Ibu Sarah Santi, yang menjadi dosen pengajar di Universitas Esa Unggul, berkesempatan untuk memberikan ilmunya di kelas Kapita Selekta, tentang Marketing Politik.
Marketing dan Politik, 2 hal ini berbeda, namun dapat dijadikan 1, yaitu Marketing Politik
Dari sini, kita dapat mengira pengertiannya, adalah mempromosikan sesuatu yang bersifat politik yang dapat berupa iklan yang mempromosikan calon / kandidat. Tapi, hal itu hanya sebagian dari pengertian Marketing Politik itu sendiri. Marketing Politik itu bukan sekedar iklan dan mempopulerkan tokoh seperti memasang billboard tapi dapat diartikan sebagai belanja politik.
Sumber : http://webandikamongilala.files.wordpress.com/2010/09/30385.jpg |
Belanja iklan politik tahun 2008 sebesar 2,2 triliun rupiah, dibanding tahun 2007 naik sebesar 880 miliar rupiah, atau naik sebesar 66 %.
Sama seperti Marketing yang mempromosikan suatu produk, Politik juga mempromosikan seorang calon / kandidat. Dengan kesamaan yaitu, membangun loyalitas untuk jangka panjang.
Marketing VS Politik
Politik - bicara tentang hal yang normatif, bagaimana seharusnya dunia ini dijalankan
dan
Marketing - menjual sebanyak-banyaknya untuk memperoleh keuntungan sebanyak-banyaknya (transaksi)
Jadi, Marketing dan Politik tidak bertentangan.
Dalam Marketing Politik, memilih media massa untuk menentukan pemilih sangat penting, agar tepat sasaran. Para pemilih calon / kandidat politik, dibagi menjadi 4 segmen, yaitu :
1. Pemilih Tradisional ( aspeknya demografis atau agama )

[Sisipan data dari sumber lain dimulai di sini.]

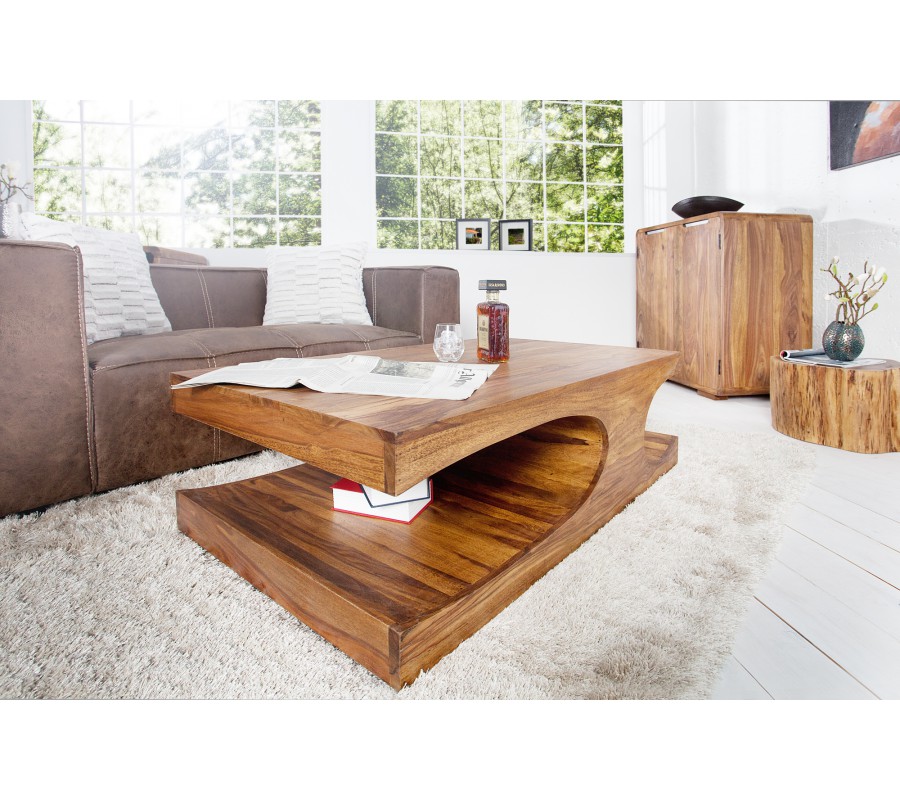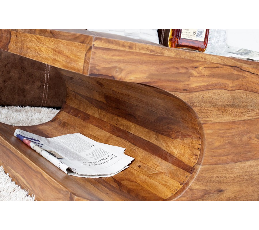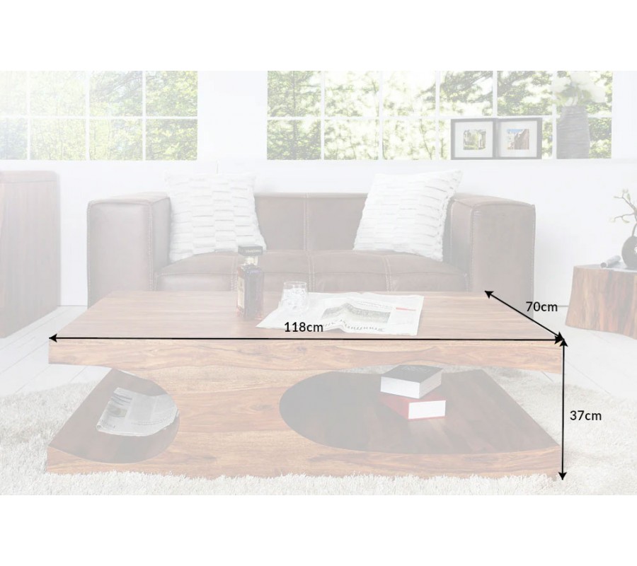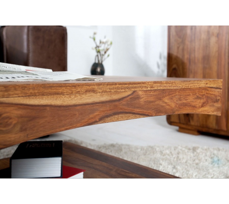 Štýlový konferenčný stolík Terra 120cm palisander zaujme svojím mohutným telom zaujímavých tvarov, ktoré predstavujú originálny úložný priestor. Je vhodný do moderného i do rustikálneho priestoru, ktorý potrebuje oživenie v podobe masívneho dreva. Ručná práca robí každý kúsok originálom. Farba: prírodná, materiál: masívne drevo palisander.

2. Pemilih Rasional ( aspeknya pada problem solving yang dilakukan kandidat )
3. Pemilih Skeptis ( tidak peduli terhadap calon yang akan terpilih, cenderung golput )
4. Pemilih Kritis ( melihat problem solving dan ideologi yang sama )

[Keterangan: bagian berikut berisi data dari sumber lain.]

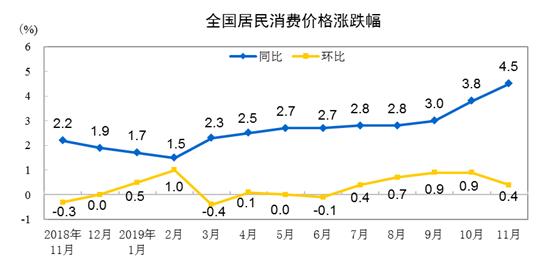 从同比看,CPI上涨4.5%,涨幅比上月扩大0.7个百分点。其中,食品价格上涨19.1%,影响CPI上涨约3.72个百分点;非食品价格上涨1.0%,影响CPI上涨约0.77个百分点。食品中,鲜果价格继续下降6.8%,降幅比上月扩大6.5个百分点;水产品价格上涨2.4%,涨幅比上月回落0.3个百分点;鲜菜价格由上月下降转为上涨3.9%;猪肉价格上涨110.2%,牛肉、羊肉、鸡肉、鸭肉和鸡蛋价格涨幅在11.8%—25.7%之间。非食品中,医疗保健、教育文化和娱乐、衣着价格分别上涨2.0%、1.7%和1.1%。交通和通信价格下降2.8%;其中,汽油和柴油价格分别下降10.8%和11.3%。据测算,在11月份4.5%的同比涨幅中,去年价格变动的翘尾影响约为0,新涨价影响约为4.5个百分点。

Sumber : http://menulisilmu.files.wordpress.com/2011/11/politik.jpg |
Perilaku politik masyarakat Indonesia masih dipengaruhi oleh tokoh atau public figure, contohnya seperti selebritis. Voters ( pemilih ) cenderung memilih tokoh yang memiliki aspek popularity, likeability, dan electability. Lalu, ditambah dengan peran media yang melakukan mediatisasi dan marketing untuk memoles seorang calon / kandidat secara terus menerus hingga disukai voters dan akhirnya dipilih.
Proses Marketing sebenarnya adalah membuat "keinginan" menjadi "kebutuhan"

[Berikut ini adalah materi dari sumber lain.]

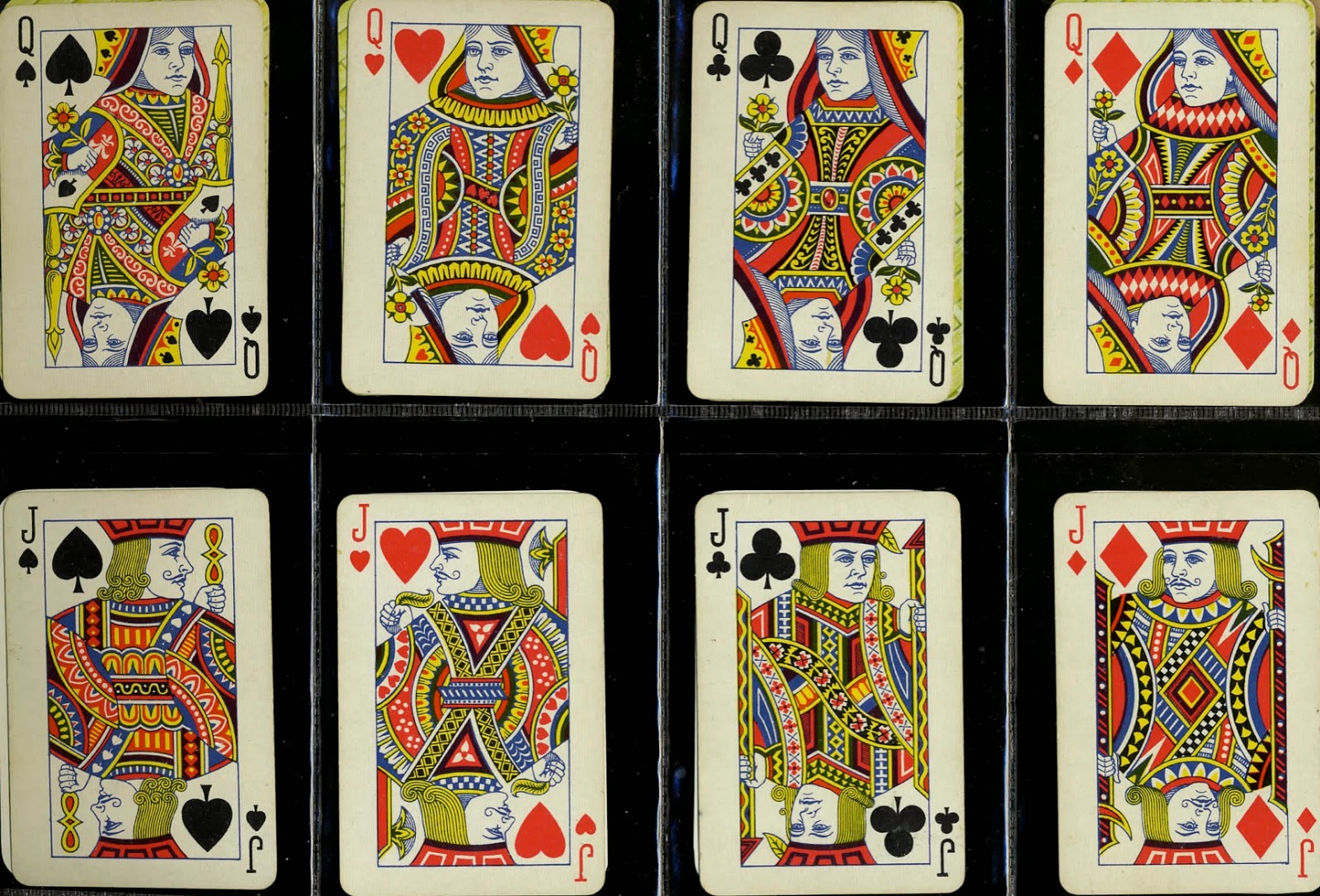 They made Five Hundred packs in the early part of the 20th century and used the above courts in the earlier editions. Then the design was changed with both 4-colour and 2-colour versions. They produced patience cards, too.

Dampak negatif dari Mar-Pol :
1. Amerikanisasi dunia politik
2. Komersialisasi politik yang mereduksi arti politik itu sendiri
3. Menjauhkan masyarakat atas ikatan ideologi sebuah partai dengan massa / konstituennya
Sumber : http://us.123rf.com/400wm/400/400/cienpies/cienpies1210/cienpies121000044/15579482-us-elections-politics-marketing-communication-hand-holding-a-megaphone-with-icons-splash-file-layere.jpg |
Amerikanisasi memang belum pernah terjadi di Indonesia tapi sudah menunjukkan tanda-tanda akan ke sana seperti modernisasi poltik, contohnya kampanye yang selalu membangun citra.